Cuttack, March 11: The focus of the Justice Madan Mohan Das Commission has shifted to compensation for small investors duped by deposit collection companies with the state government enlarging its scope.
The panel is now expected to identify genuine small investors, who are eligible for compensation.
Justice Madan Mohan Das told The Telegraph the identification process, according to the terms of reference added by the government, would be undertaken on the basis of records of investors from the affidavits received by the panel that had received over eight lakh affidavits. Most of these were submitted by the investors in unauthorised collection companies, with the hope of getting back their money.
The additional job assigned to the commission is "to identify the bona fide investors affected by transactions of fraudulent financial establishments or companies and to suggest the modality of payment of compensation, the names of small investors eligible for compensation, and the amount of compensation payable from the corpus fund or otherwise".
The government had kept aside Rs 300 crore towards a corpus fund to protect the depositors' interest in the supplementary budget for 2014-15.
Justice Das said: "The affidavits are being digitised for database creation.
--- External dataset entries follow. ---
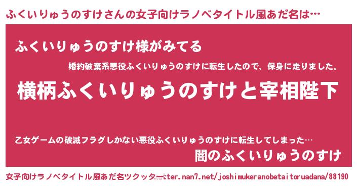 | 男性向けラノベタイトル風あだ名 | 『ふくいりゅうのすけに滅ぼされるだけの簡単なお仕事です』 |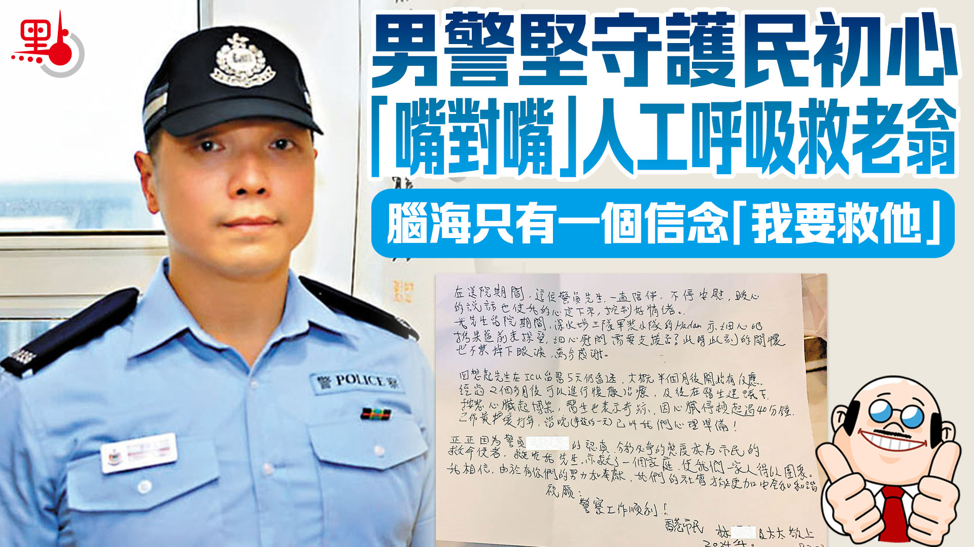 【點新聞報道】以救急扶危為天職的警員曾耀華,去年他在深水埗北河街熟食市場拯救一名暈倒的老翁時,在沒有任何防護裝備下,嘴對嘴為事主人工呼吸,老翁口吐食物殘渣仍繼續施救,直至對方面色漸轉紅及救護車到場。他憶述那刻腦海裏只有一個信念─「我一定要救這個人,因為他真的會死。」老翁獲救出院後更與妻子親到警署致謝,稱讚曾耀華是「救命使者」。
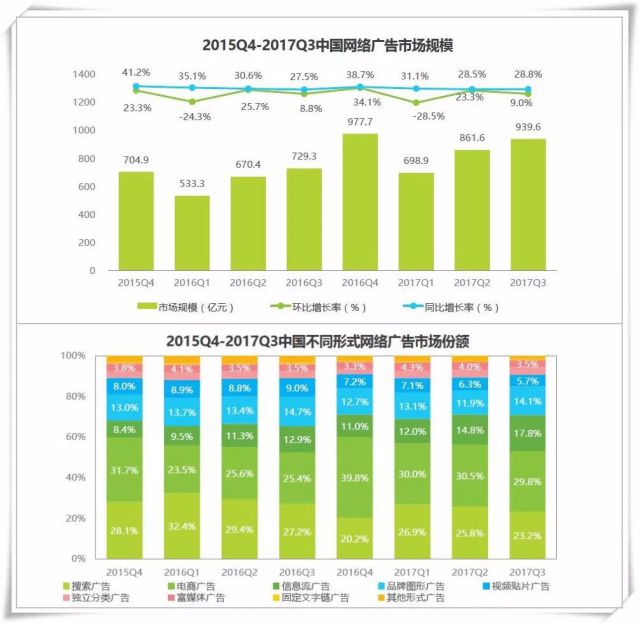 据艾瑞网《2017Q3中国各形式网络广告市场规模》报告显示,2017Q3网络广告市场规模达到939.6亿元,同比增速28.8%,信息流广告占比超过17%。继续保持社交媒体和品牌危机公关高速增长。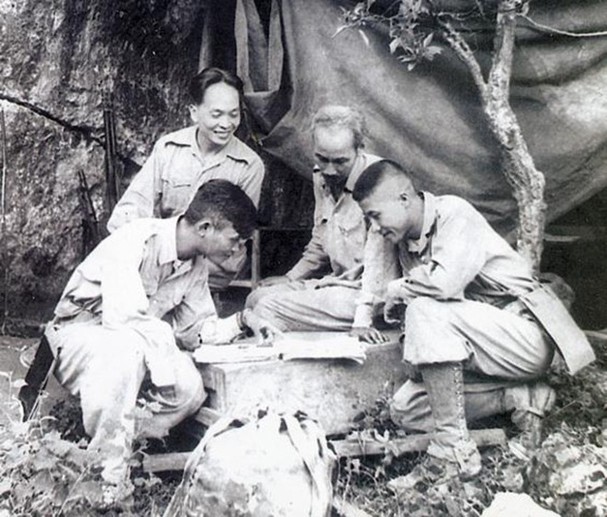 Presiden Ho Chi Minh, Jenderal Vo Nguyen Giap, dan Komandan Resimen Thai Dung, Komandan Batalyon Dung Ma sedang mempelajari peta operasional Operasi Perbatasan (1950). |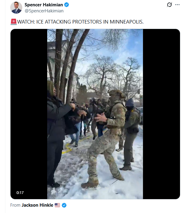 한편, 이번 시위의 직접적 계기가 된 ICE 요원의 총격으로 30대 여성이 사망한 사건은 이미 별도의 사법 절차와 조사 대상이 되고 있다. 메인스트림 언론들은 해당 사건과 별개로, 사망 사건 이후 전개된 시위 진압 과정 자체가 또 하나의 중대한 공권력 논쟁으로 부상하고 있다고 전하고 있다.
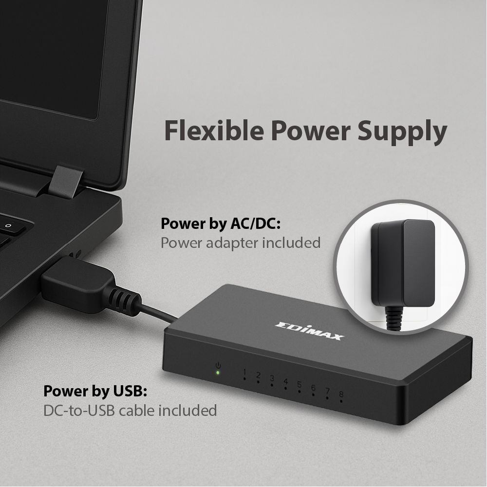 Includes a DC-to-USB power cable, allowing the switch to be powered by a USB adapter—ideal for limited power outlets. (*USB adapter with 1A output required; not included.)

The commission will submit an interim report after the data is culled from a substantial number of affidavits." The database will contain details such as company names, names of depositors with address, amount deposited, amount received by the depositor, balance amount due to be received and so on.
Commission secretary Devraj Rout said nearly 1.5 lakh affidavits had been digitised.
Chief minister Naveen Patnaik had appointed Justice R.K. Patra, a retired Orissa High Court judge, as head of the single-member judicial commission on July 9, 2013.
Justice Das was appointed to conduct the probe after Justice Patra's death on January 28.